I fumbled through the papers, trying to
remember where I had left off before the website and celebrity
status had caused me to drop them like a blind roofer. Jennifer
Lowe’s name had an X beside it, which told me how perceptive I had
been. Rebecca also had an X. Of the fourteen or so names, eight
were either X’d or had moved away. So I began an Internet search,
just as I had done on Jennifer Lowe, checking public
records.

I chugged my Miner’s and got down to business.
The next searches opened even my blurry eyes. Both, including one
that was the second closest born to Dr. Jones’s magical halftime,
blinked up on my screen as deceased. When I began checking
newspaper articles and obits, my eyes widened yet again. They had
died accidental deaths within six days of one another; one died in
a car crash and the other in a bizarre cycling accident.
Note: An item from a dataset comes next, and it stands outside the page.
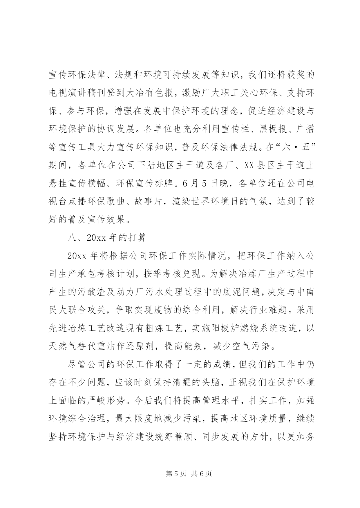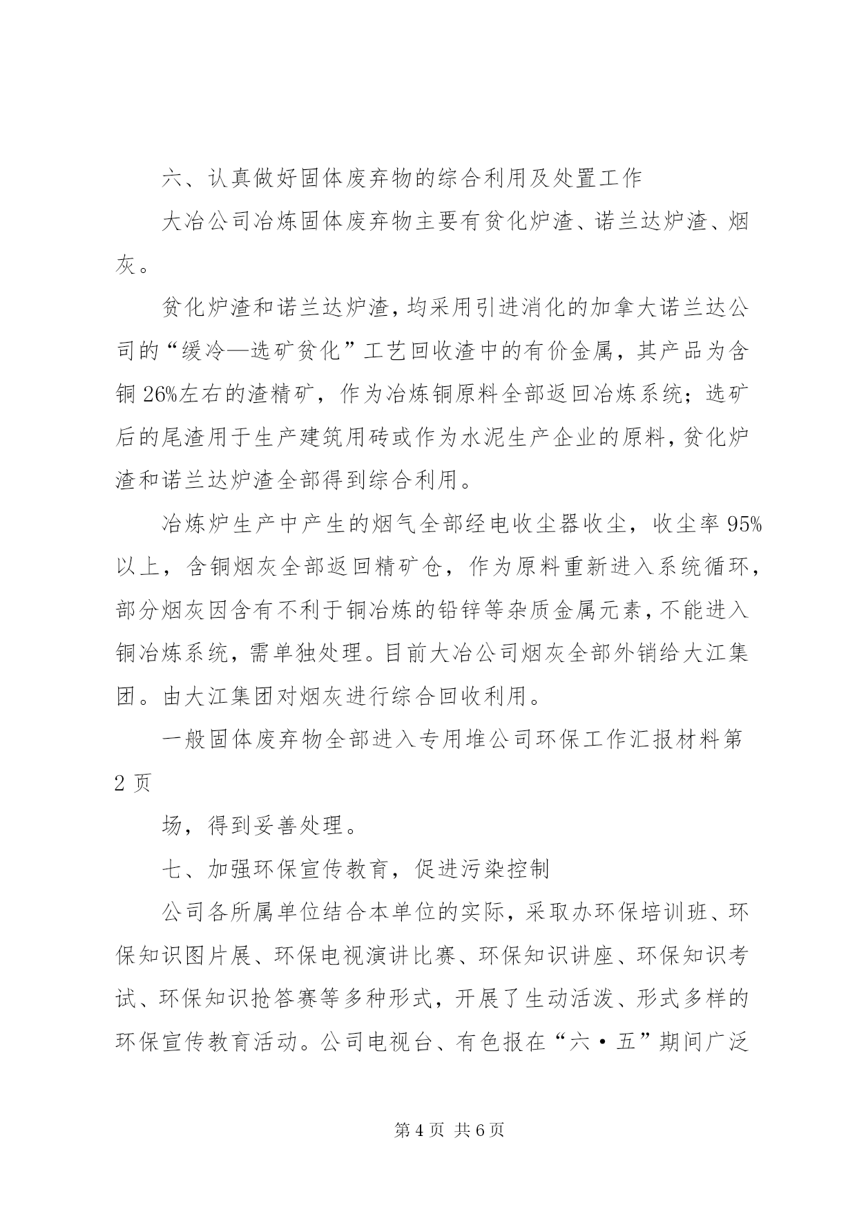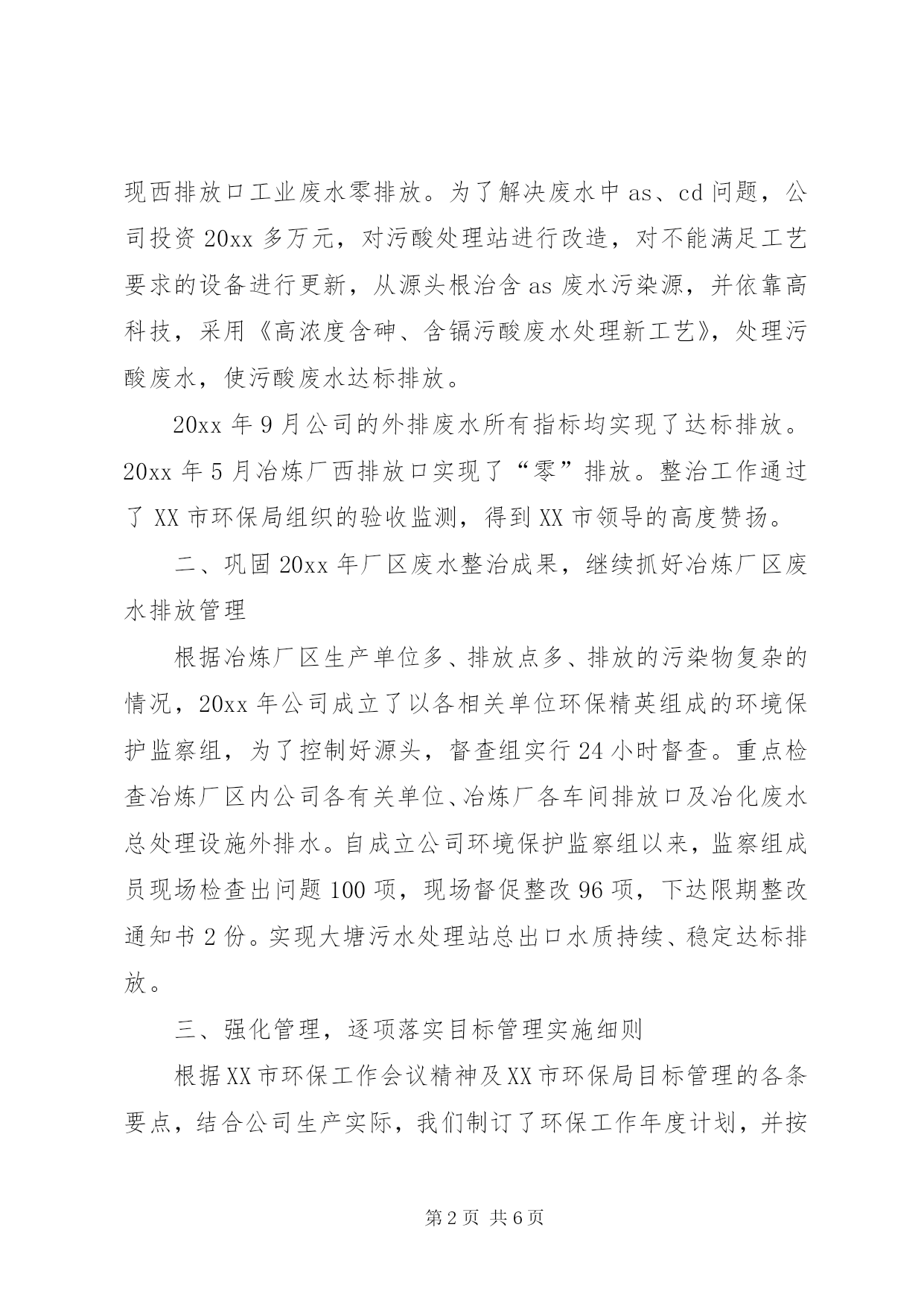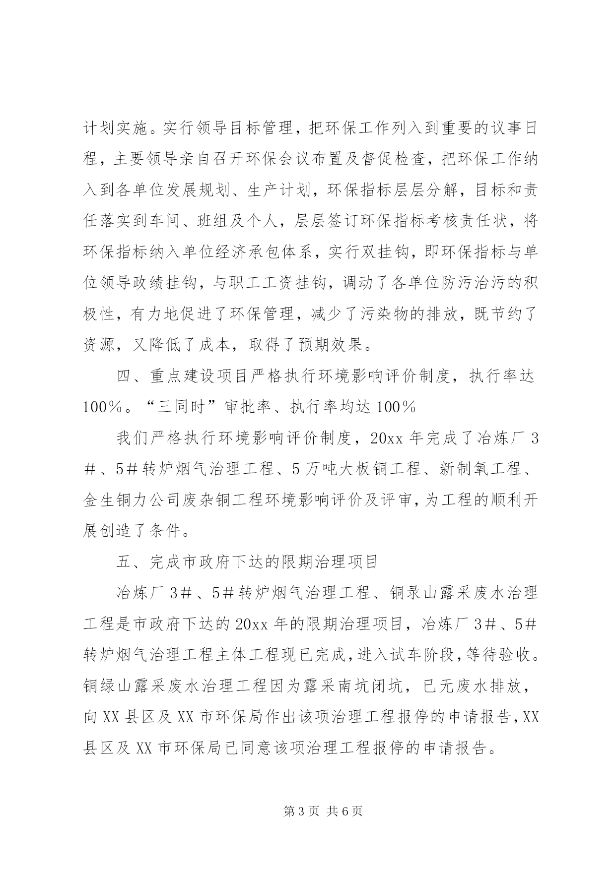 第PAGE\*Arabic\*MERGEFORMAT6页共NUMPAGES\*MERGEFORMAT6页公司环保工作汇报材料各位领导、与会代表们:大家好。xx公司是以生产铜为主的大型联合企业。历年来,我们一贯遵守国家环境保护法的规定,认真贯彻中央、省、市环境保护政策,始终如一地坚持环境保护同经济建设、社会发展相协调的原则,落实XX市环境保护工作规划,积极开展环境污染的综合治理,努力做到生产建设与环境整治同步发展,取得了有目共睹的经济效益、社会效益和环境效益。一、加大投资,构建达标排放平台我公司先后投资数亿元用于生产工艺改造、“三废”综合利用及环境治理。如投资4.8亿元引进加拿大诺兰达炼铜工艺、投资1.98亿元引进美国孟山都先进的制酸技术,投资9900万元对3#、5#转炉进行改造,使尾气so2排放浓度有效控制在排放限值内,s的实收率达到97.8%。投资800万元建成日处理能力为2.4万吨的工业污水处理站,使冶化废水得到全部处理,循环使用率达到80%以上。为了提高水质和废水回用率,我公司采取了一系列处理措施,主要是:投资800多万元对污水处理站进行改造,扩大污水处理容量,增加预沉池;对澄清池和过滤池进行改造,提高处理能力及处理效果;采用西水东调的方法,建一水池和泵房,将西边的生活污水及地面渗漏水由管道排向污水站,实现西排放口工业废水零排放。为了解决废水中as、cd问题,公司投资20xx多万元,对污酸处理站进行改造,对不能满足工艺要求的设备进行更新,从源头根治含as废水污染源,并依靠高科技,采用《高浓度含砷、含镉污酸废水处理新工艺》,处理污酸废水,使污酸废水达标排放。20xx年9月公司的外排废水所有指标均实现了达标排放。20xx年5月冶炼厂西排放口实现了“零”排放。整治工作通过了XX市环保局组织的验收监测,得到XX市领导的高度赞扬。二、巩固20xx年厂区废水整治成果,继续抓好冶炼厂区废水排放管理根据冶炼厂区生产单位多、排放点多、排放的污染物复杂的情况,20xx年公司成立了以各相关单位环保精英组成的环境保护监察组,为了控制好源头,督查组实行24小时督查。重点检查冶炼厂区内公司各有关单位、冶炼厂各车间排放口及冶化废水总处理设施外排水。自成立公司环境保护监察组以来,监察组成员现场检查出问题100项,现场督促整改96项,下达限期整改通知书2份。实现大塘污水处理站总出口水质持续、稳定达标排放。三、强化管理,逐项落实目标管理实施细则根据XX市环保工作会议精神及XX市环保局目标管理的各条要点,结合公司生产实际,我们制订了环保工作年度计划,并按计划实施。实行领导目标管理,把环保工作列入到重要的议事日程,主要领导亲自召开环保会议布置及督促检查,把环保工作纳入到各单位发展规划、生产计划,环保指标层层分解,目标和责任落实到车间、班组及个人,层层签订环保指标考核责任状,将环保指标纳入单位经济承包体系,实行双挂钩,即环保指标与单位领导政绩挂钩,与职工工资挂钩,调动了各单位防污治污的积极性,有力地促进了环保管理,减少了污染物的排放,既节约了资源,又降低了成本,取得了预期效果。四、重点建设项目严格执行环境影响评价制度,执行率达100%。“三同时”审批率、执行率均达100%我们严格执行环境影响评价制度,20xx年完成了冶炼厂3#、5#转炉烟气治理工程、5万吨大板铜工程、新制氧工程、金生铜力公司废杂铜工程环境影响评价及评审,为工程的顺利开展创造了条件。五、完成市政府下达的限期治理项目冶炼厂3#、5#转炉烟气治理工程、铜录山露采废水治理工程是市政府下达的20xx年的限期治理项目,冶炼厂3#、5#转炉烟气治理工程主体工程现已完成,进入试车阶段,等待验收。铜绿山露采废水治理工程因为露采南坑闭坑,已无废水排放,向XX县区及XX市环保局作出该项治理工程报停的申请报告,XX县区及XX市环保局已同意该项治理工程报停的申请报告。六、认真做好固体废弃物的综合利用及处置工作大冶公司冶炼固体废弃物主要有贫化炉渣、诺兰达炉渣、烟灰。贫化炉渣和诺兰达炉渣,均采用引进消化的加拿大诺兰达公司的“缓冷—选矿贫化”工艺回收渣中的有价金属,其产品为含铜26%左右的渣精矿,作为冶炼铜原料全部返回冶炼系统;选矿后的尾渣用于生产建筑用砖或作为水泥生产企业的原料,贫化炉渣和诺兰达炉渣全部得到综合利用。冶炼炉生产中产生的烟气全部经电收尘器收尘,收尘率95%以上,含铜烟灰全部返回精矿仓,作为原料重新进入系统循环,部分烟灰因含有不利于铜冶炼的铅锌等杂质金属元素,不能进入铜冶炼系统,需单独处理。目前大冶公司烟灰全部外销给大江集团。由大江集团对烟灰进行综合回收利用。一般固体废弃物全部进入专用堆公司环保工作汇报材料场,得到妥善处理。七、加强环保宣传教育,促进污染控制公司各所属单位结合本单位的实际

Could it
have been a coincidence—two relatively young women, out of a group
of just fourteen, dying within a few days of each other? I followed
the leads as far as they would go, making notes, and bookmarking
sites where I had found pictures and other relevant info. It was a
long, time-consuming effort.

Of the final four women, three showed up
married—one in Washington, another in California. The third married
woman was living in town, though she had clearly made some efforts
to conceal her contact information. But the final Super Born was
not even trying to hide, as her listing showed an address and
phone. By then, though, my mind was too unfocused to go on. The
time at the bottom of my glowing computer screen read 5:32. At
first, that seemed weird, but then the light coming in from the
windows made it clear: 5:32 a…m. Shit, I was right. I did do my
best work late and drunk. Who knew?

But when I got to bed I couldn’t sleep. I just
stared at an empty spot on the wall, thinking of the blond from the
bar An hour later, the spot hadn’t moved, and I still felt my blood
racing. No deep breathing or reasoning quieted the anxiety. All I
had of her was the image of her at O’Malley’s and the photo of her
at Skelly’s; both played over and over in my mind (minus the part
where she had spoken to me and I’d been unable to respond,
naturally). Then I thought of her words on the website the night
before, how I had almost exposed her. I could feel the veins in my
neck pumping rapidly, uncontrollably.